── RECORDS FOR THIS TASK ──

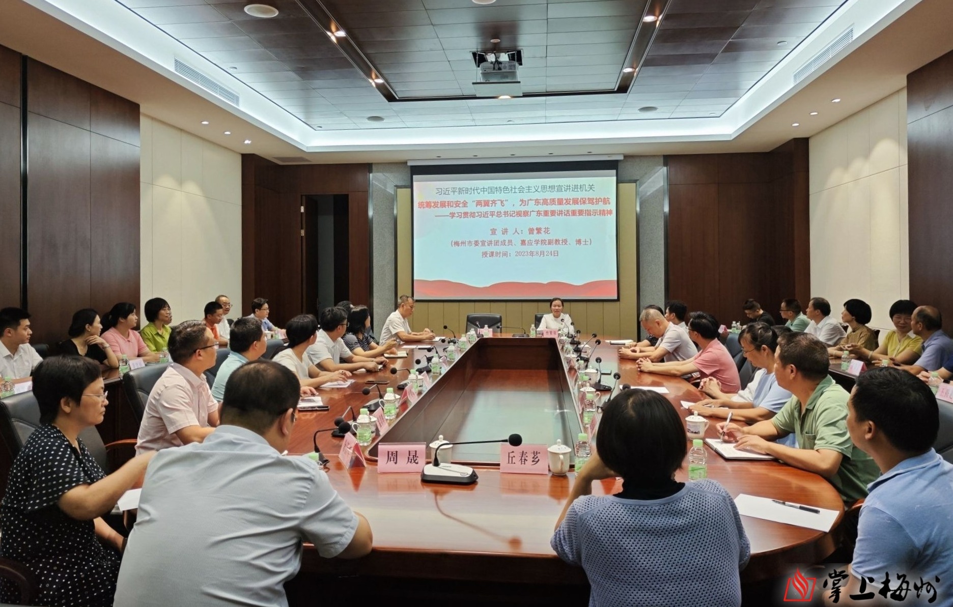 掌上梅州讯 8月24日下午,由市委台港澳办承办的市直统战、外事、科协系统“同心共学 以知促行”学习交流活动在梅城举办,邀请市委宣讲团成员、嘉应学院马克思主义学院副院长、副教授曾繁花宣讲《习近平著作选读》第一卷、第二卷暨习近平总书记视察广东重要讲话重要指示精神。市直统战、外事、科协系统各单位党员干部和市各民主党派机关负责人共50多人参加。
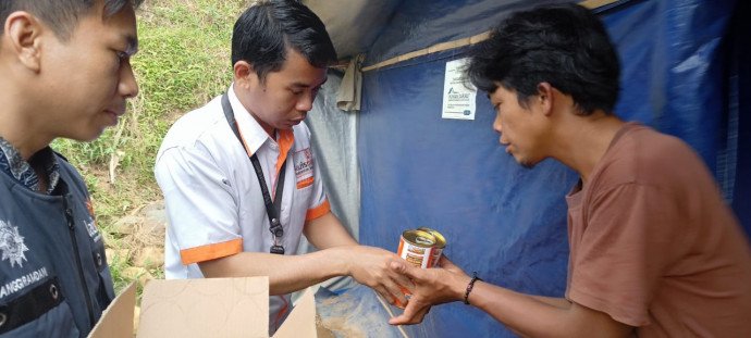 Distribusi kemudian dilanjutkan ke titik lokasi kedua yang berada di Kampung Cikupa pada pukul 11.00 WIB. Bantuan RendangMu diserahkan di lokasi hunian darurat yang dibangun oleh MDMC Kabupaten Bogor. Selain diberikan kepada penyintas yang menempati hunian darurat, RendangMu juga diberikan kepada warga sekitar yang terdampak bencana.
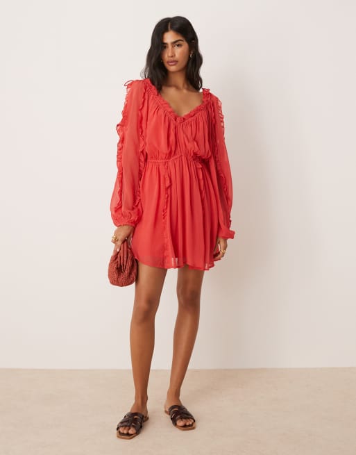 ASOS DESIGN – Minikleid in Rot mit Rüschen, V-Ausschnitt und Bindebändern vorne
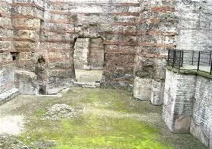 Accès aux salles souterraines, réservées au personnel comportant les magasins où étaient entreposés le bois destiné aux fours et le matériel de toilette. Des murs et des voûtes biens conservés permettent de décrire le mode de construction romain dont le gros oeuvre repose sur le blocage, mélange de mortier et cailloux analogue au béton. Technique qui, d'après Viollet-le-Duc permet l'emploi d'une main d'oeuvre d'esclaves peu qualifiée.
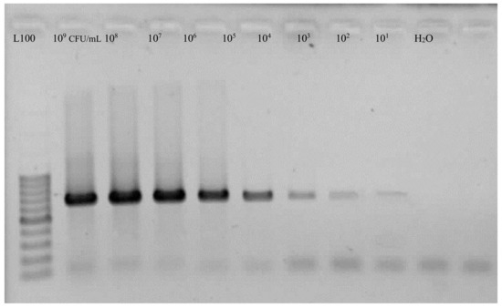 Agarose gel electrophoresis of polymerase chain reaction (PCR) sensitivity on bacterial isolates by Y45/Y46 primers.
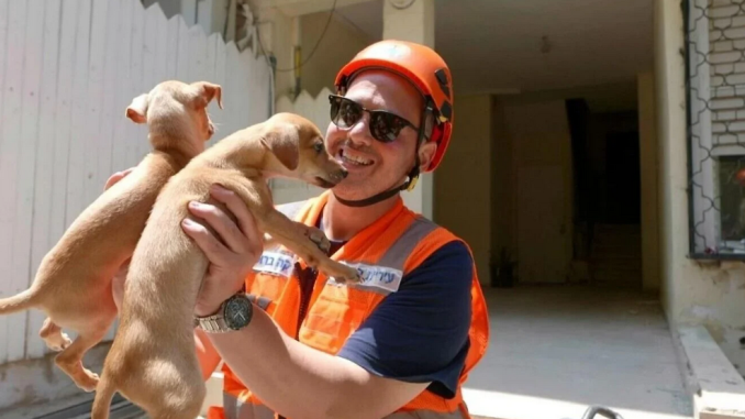 Two puppies rescued from a building destroyed in an Iranian missile strike in Bat Yam, June 17, 2025. Credit: Vadim Action.

───

_WHAT IS BEING ASKED_
The range to set down runs from the line containing "Agarose gel electrophoresis" through the final line of the data, both ends included; give it exactly and drop the pictures.

_EXERCISE SOLUTION_
 Agarose gel electrophoresis of polymerase chain reaction (PCR) sensitivity on bacterial isolates by Y45/Y46 primers.
 Two puppies rescued from a building destroyed in an Iranian missile strike in Bat Yam, June 17, 2025. Credit: Vadim Action.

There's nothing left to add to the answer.